The Third Secessio Plebis occurred in 287 BC. Quintus Hortensius was appointed dictator after the plebs once again did their thing. While the previous law allowed the Plebeian Council to pass laws binding to both orders, there was still a stipulation that any “plebicites” (laws passed by the Plebeian Council) had to be approved by the Senate—filled, of course, with patricians. Essentially, the Senate was just vetoing all the pleb laws and bypassing having to follow them. Hortensius, a pleb himself, issued a law that made plebicites binding, whether they were Senate approved or not. Pretty easy solution.

There were other fights and laws leading up to the final secession in 287 BC. Sometimes historians will count these as separate secessions. For example, in 445 BC, tribune Gaius Carnuleius led a fight to get a law passed allowing intermarriage between plebs and patricians, and for the consulship to be opened to the plebs.
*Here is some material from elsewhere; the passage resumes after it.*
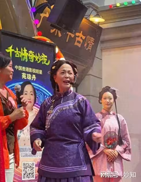 戲台前圍得里三層外三層,62歲的苑瓊丹穿著復刻版"石榴姐"戲服,帶著遊客合唱粵語歌,台下大叔們扯著嗓子喊"秋香"的聲音蓋過了音響。
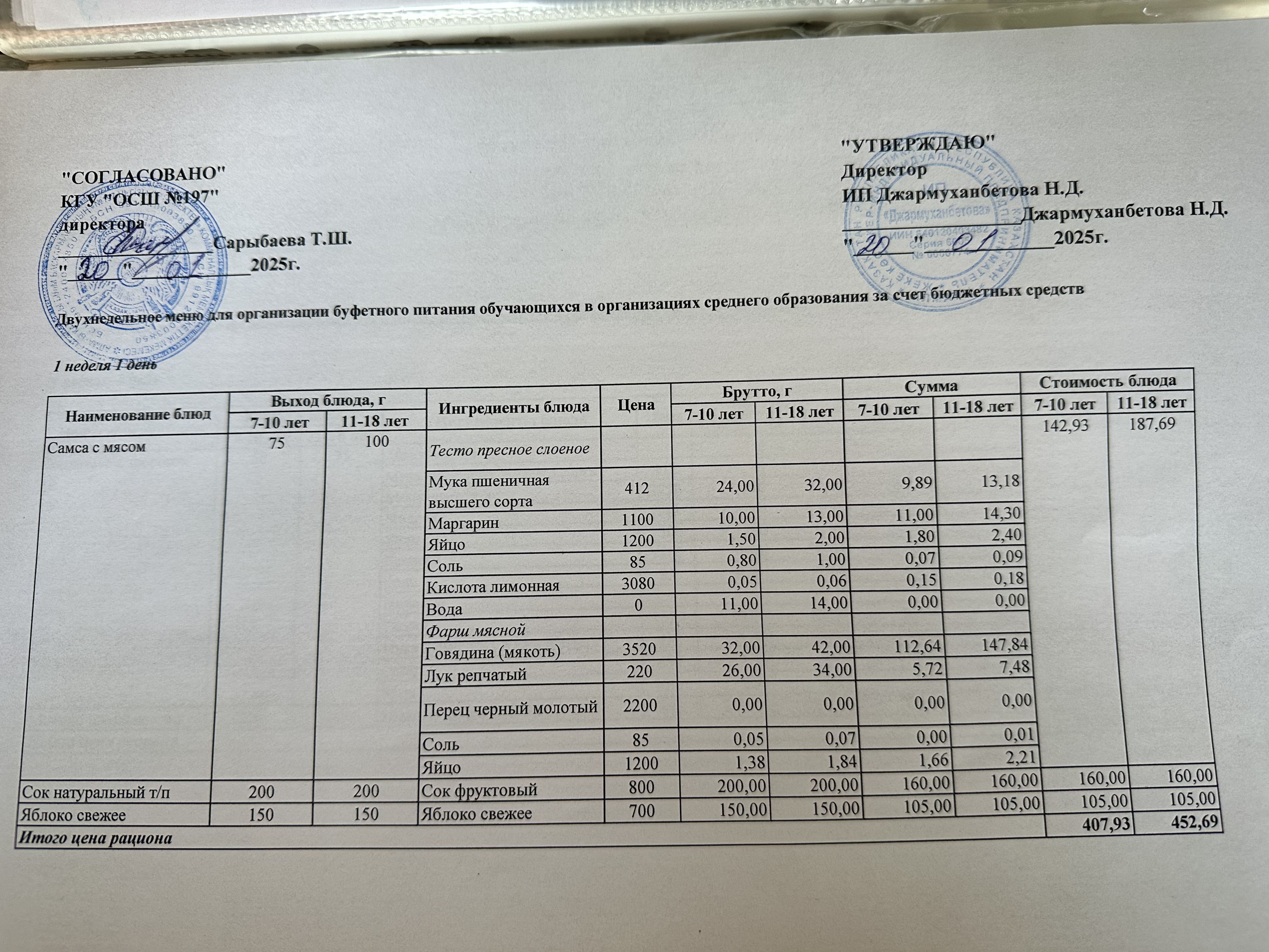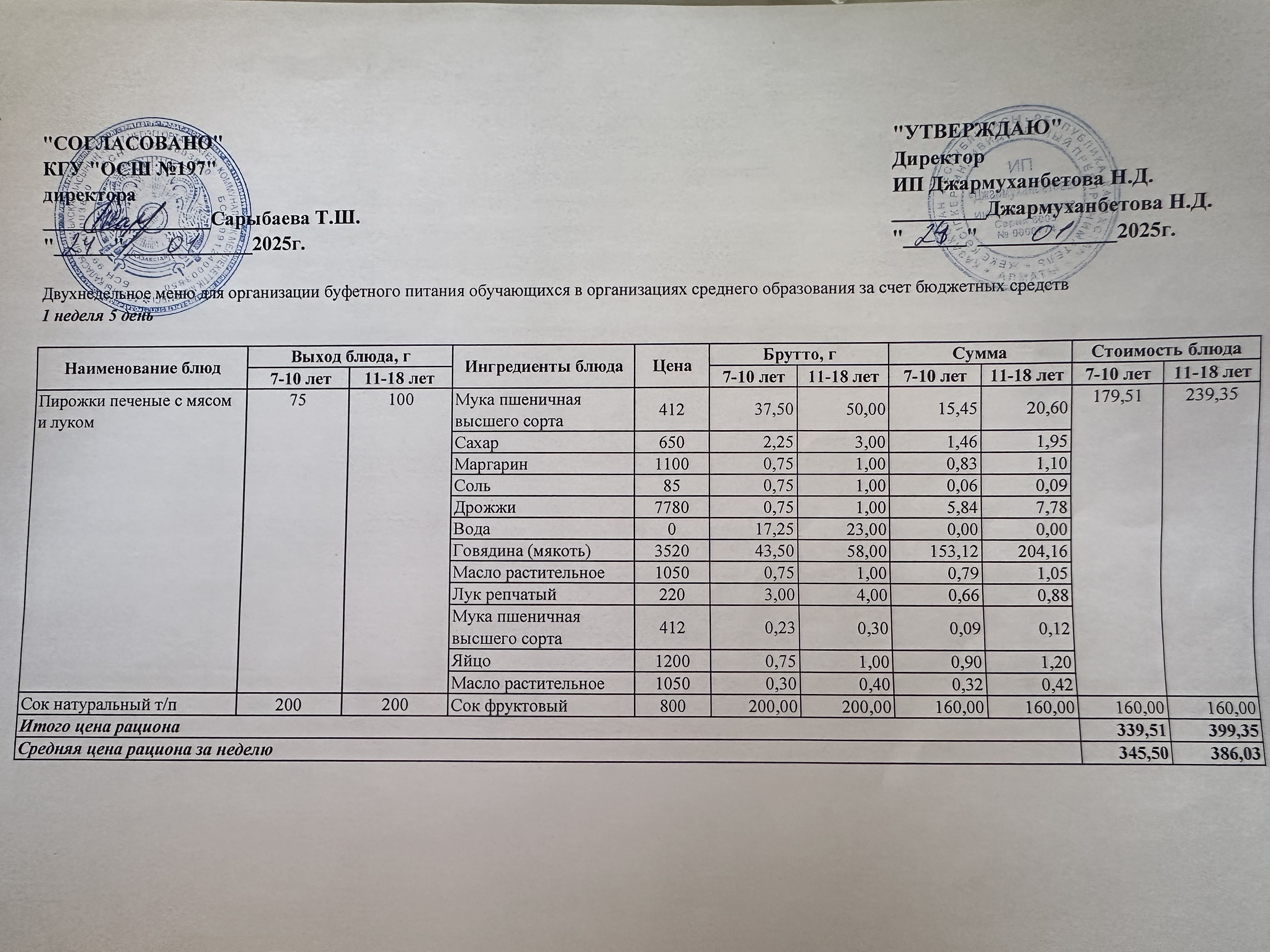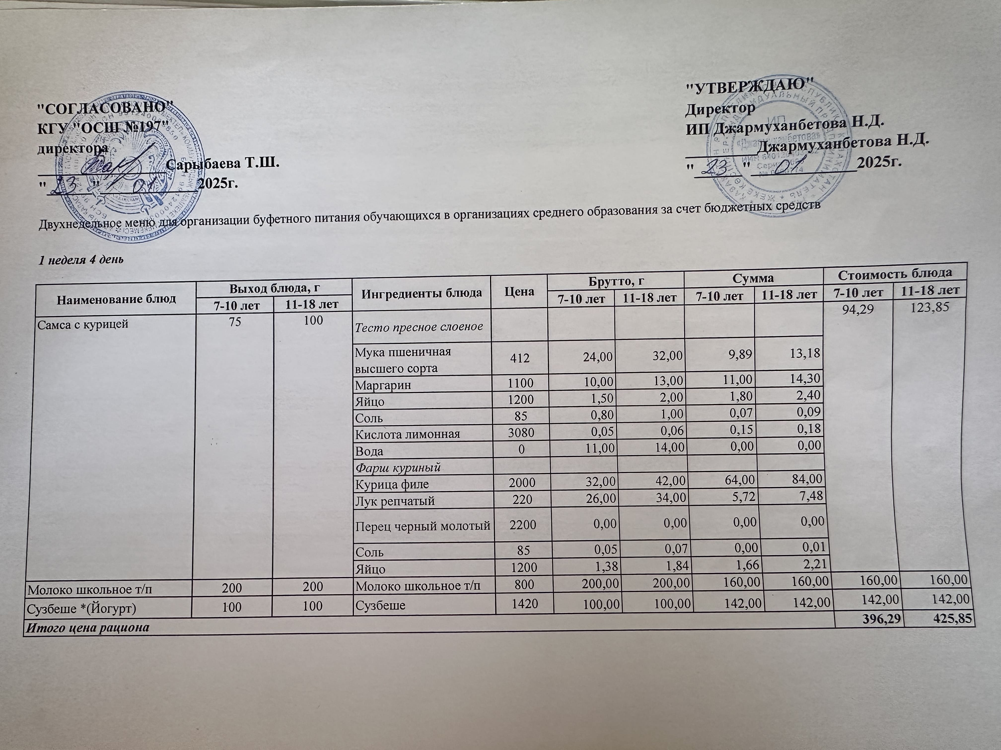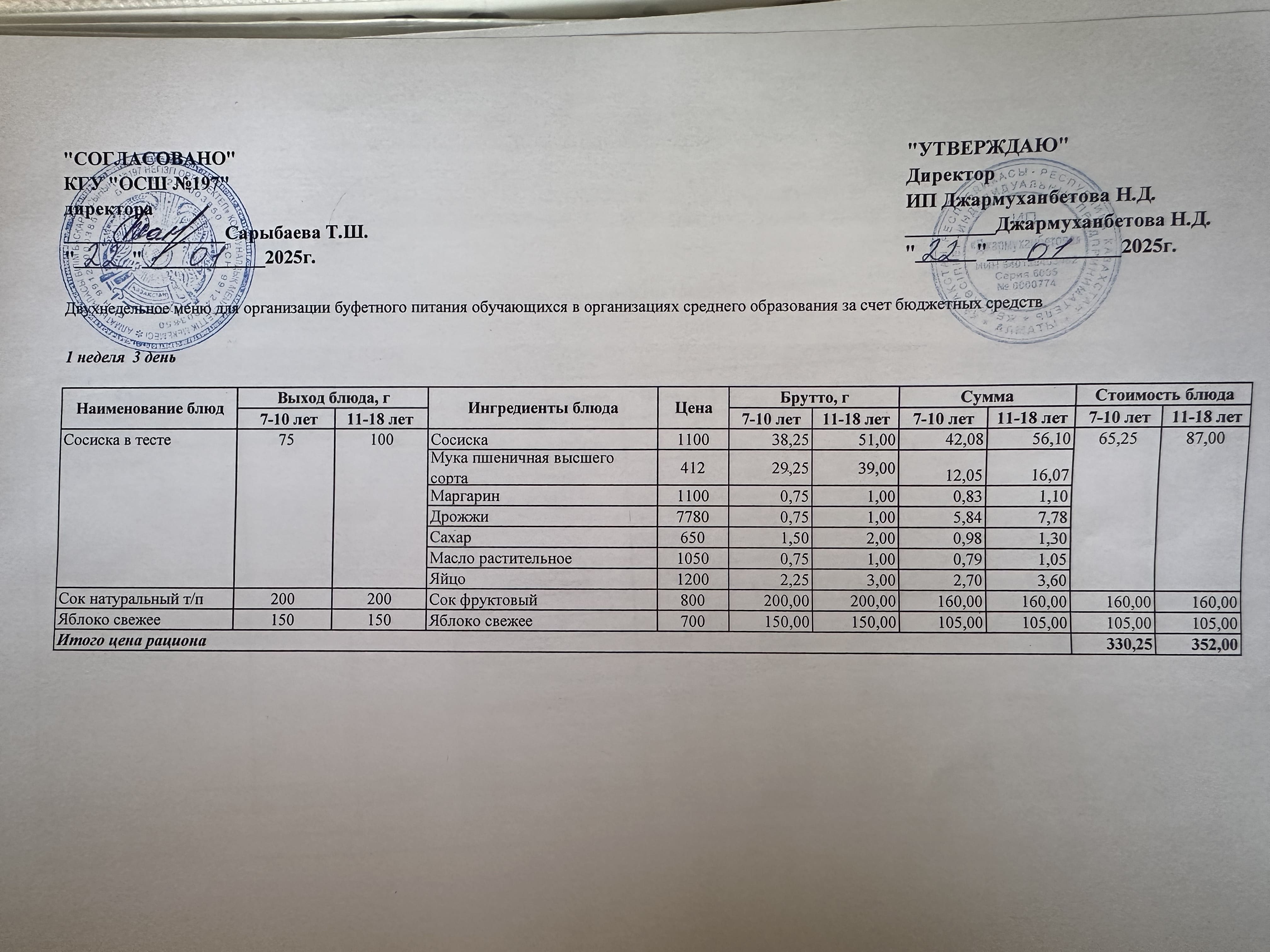 » Күнделікті тегін буфеттік тамақтандыру ас мәзірі 01.2025

All in all, it worked out well for the plebeians. The little guys won. Probably because they outnumbered the big guys like 100 to 1. Like I said, when push comes to shove, the side with the numbers always wins. Threatening to move to Canada if Trump wins sounds silly, but the Romans essentially made this sort of threat work. Although there was still a divide between rich and poor, the function of the orders became more or less obsolete. Being a patrician just didn’t matter much after 287 BC. Being a plebeian was no longer a sentence of complete poverty and powerlessness either. Of course, the Roman Republic would unravel in the 1st century BC, and the Empire would rise in the 1st century AD, bringing with it a whole new set of rules, orders, and socioeconomic system.

But that’s an article for another day.